The WIN initiative was launched in 2013 at the international level of IFA by Jeanne Goulet to represent and connect the large number of women working in the field of international tax. The initial network began small, but Jeanne identified a clear need, since then WIN has grown rapidly supported by the introduction of country organisations; in 2019 WIN became an official committee of the IFA.

The IFA strives to (i) build an international network of women working in the field of international tax law and (ii) increase the participation of women in the role of speakers or on panels and consequently their visibility within the profession.

The Swiss WIN was launched in 2016 by 5 Swiss tax lawyers. Local events on fiscal and social issues are regularly organized in German and French-speaking Switzerland (see www.linkedin.com/groups/8607912/).
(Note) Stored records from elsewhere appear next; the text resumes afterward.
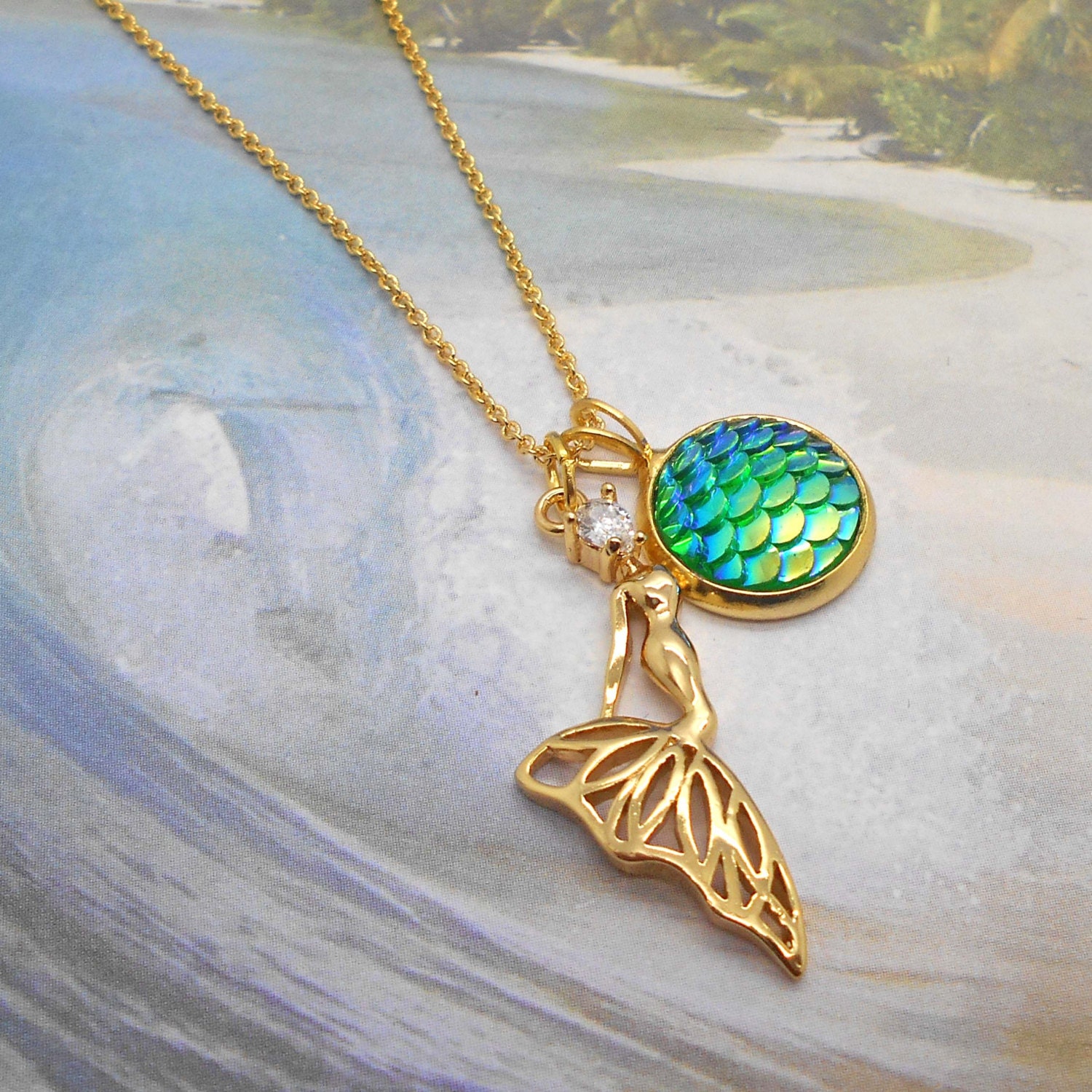 Gold mermaid pendant clearance
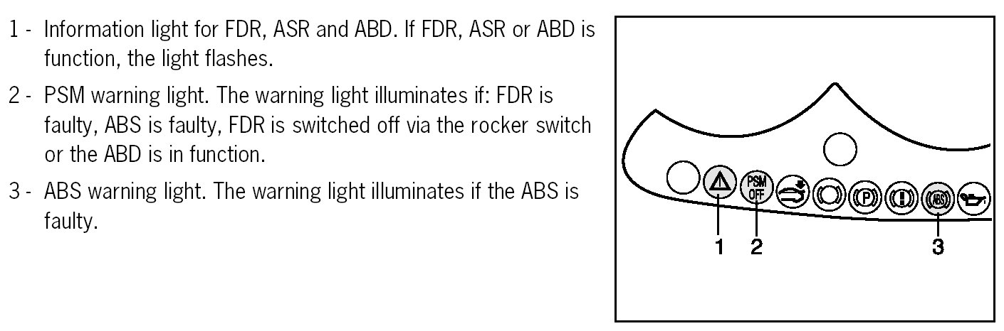 The driver is informed of the PSM control activities by means of the display lights in the instrument cluster. The display lights illuminate for a lamp check when the ignition is switched on. The information and warning lights are triggered via the CAN bus as of model year 2002.
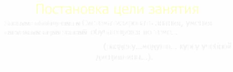 Занятие обобщения и Систематизировать знания, умения систематизации знаний обучающихся по теме…
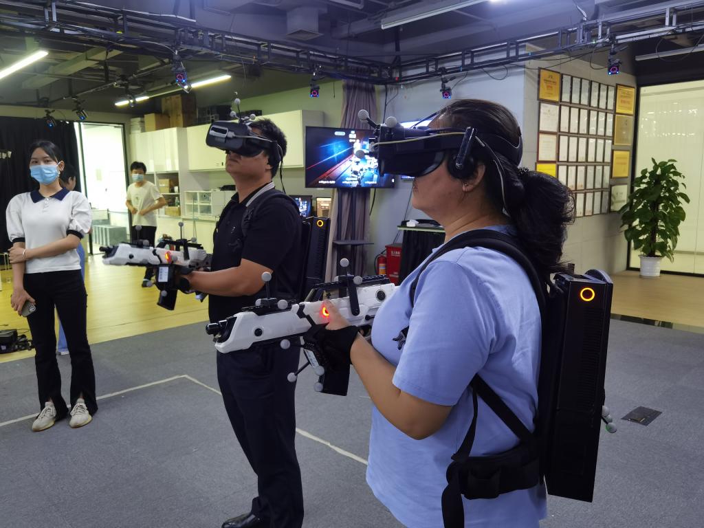 随后,在深圳市瑞立视多媒体科技有限公司教育事业部工作人员的陪同下,开云kaiyun体育官方网站一行参观了深圳市瑞立视多媒体科技有限公司深圳总部的办公区、研发区、体验区,体验了全息3D智能交互数字虚拟沙盘、全息3D桌面交互系统、大空间VR“人质解救”项目、魔方MR虚拟预演拍摄系统筹。在场老师对先进技术感受尤为深刻,纷纷表示该公司的技术先进、场景高度逼真、动作交互流畅精准,沉浸感极强。副总监欧阳龙艳向开云kaiyun体育官方网站领导介绍了瑞立视产品核心技术、产品优势、应用系统以及相关行业应用解决方案,并开展了一系列技术交流。
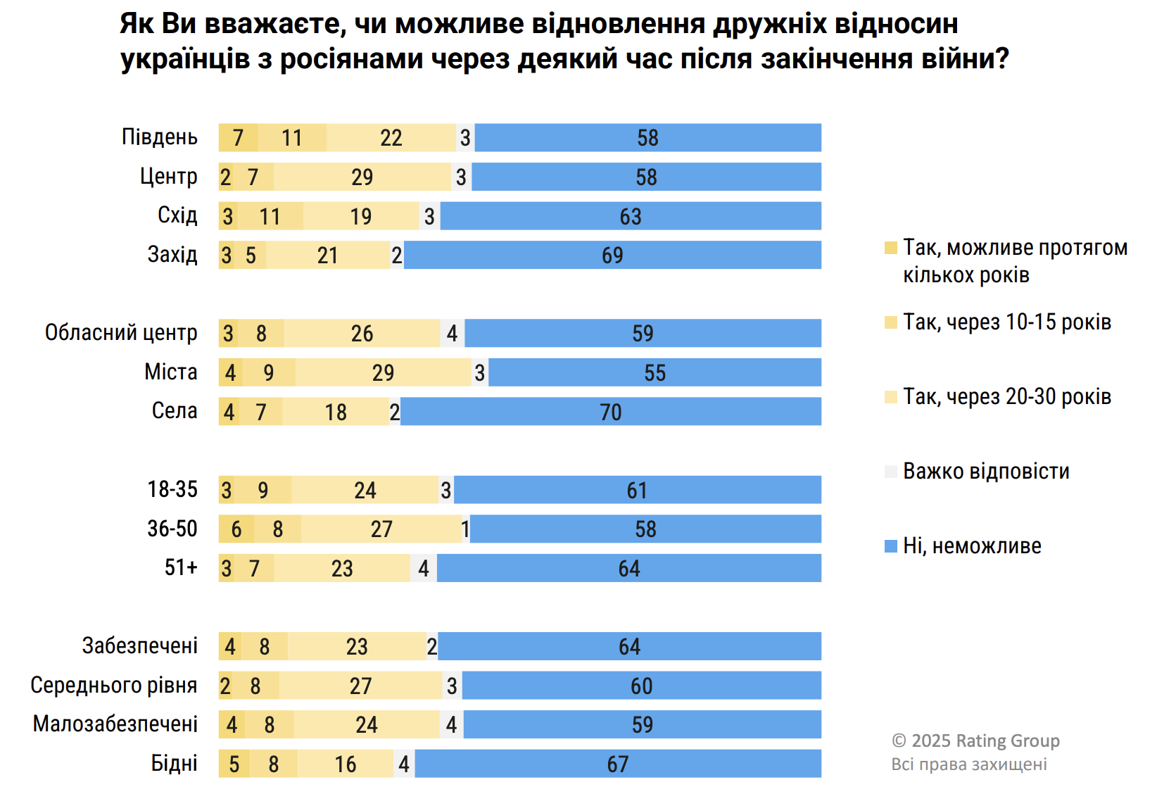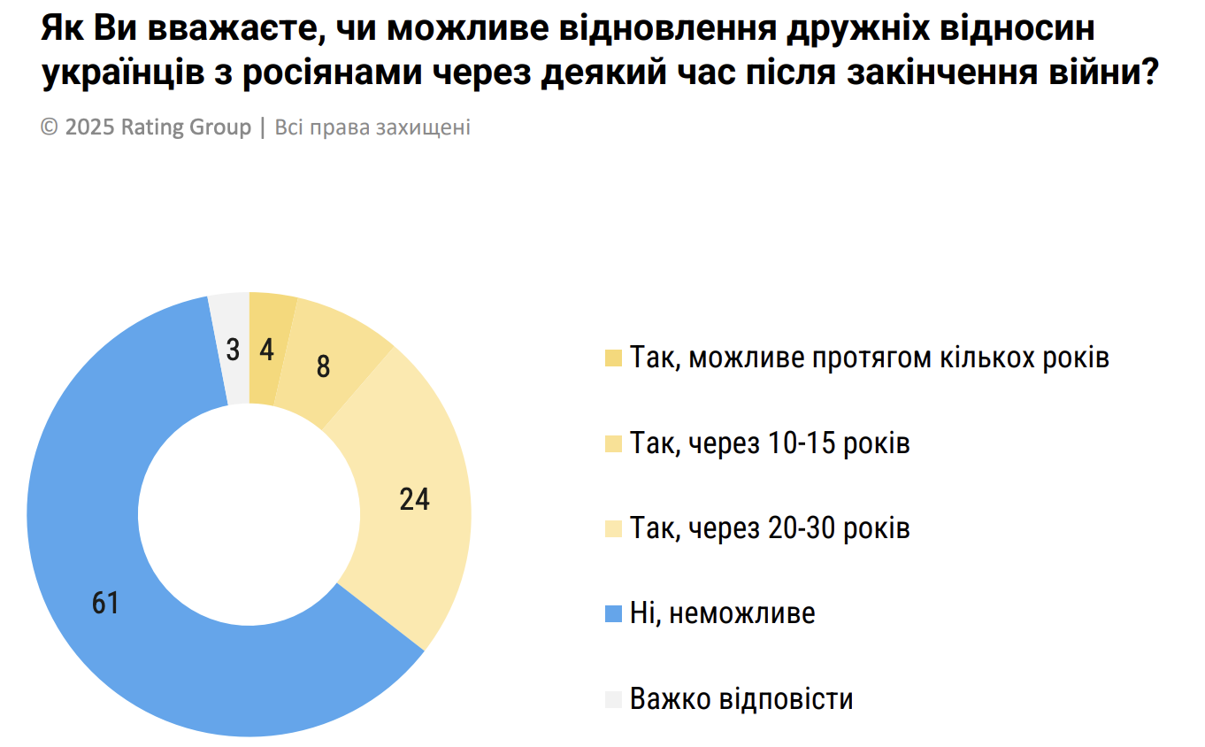 Більшість опитаних українців не вірять у відновлення дружніх відносин з росіянами навіть через десятиліття після війни. 61% респондентів вважають це неможливим навіть через багато років, тоді як 36% допускають таку можливість, але переважно у дуже віддаленій перспективі.
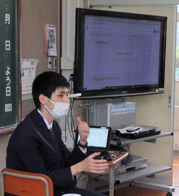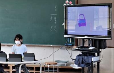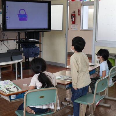 1年生の授業は、自己紹介でタブレットに書いた絵をみんなに発表しました。質問もしっかりできましたよ。
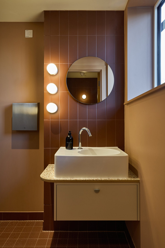 Prosadila jsem spoustu přírodních materiálů, které se vyznačuji dlouhověkostí a nejsou úplně běžné v komerčních prostorech, například dřevěná a korková prkna – tedy takzvaná plovoucí podlaha, která se však nelepila, a tím pádem se může v budoucnu relativně jednoduše opravit či částečně vyměnit. Objevili jsme „dřevěné“ terrazzo vyrobené z odpadu dřeva, které jsme použili při výrobě nábytku na míru – od kuchyňských desek a desek pod umyvadla v koupelnách až po pracovní desky. Většina přírodních materiálů „hezky“ stárne, člověk se však musí oprostit od představy, že vše musí být v perfektním novém stavu, a brát to tak, že ten materiál vyjadřuje nějaký příběh.

I’m very proud to have been part of this journey from the beginning, building a solid and sustainable network as well as creating visibility for our members, both of which are key priorities for me. My focus is not solely on the experienced seniors but also on young female tax advisors, supporting them through mentoring programmes and exchange opportunities within the network. Covid has presented us with some challenges given we’ve lost the all-important face to face contact, however, having now navigated this period, I’m confident we’ve created a trustful, constructive space for businesswomen in taxes.

How do you view the current gender diversity position across the Swiss market?

By achieving an improved gender balance across all levels of a tax function how can this positively influence team culture and ultimately organisational performance?

Within both the tax as well as broader finance profession, I’ve observed a level of improvement concerning gender balance over the past 5 years. However, whilst total numbers have been improving, when considering grade, this is not yet satisfying. More focus on bringing the gender in balance at the “higher floors” of a company is needed. In societal terms, gender balance is the basis for sustainable performance (or even survival); this certainly applies also to corporations.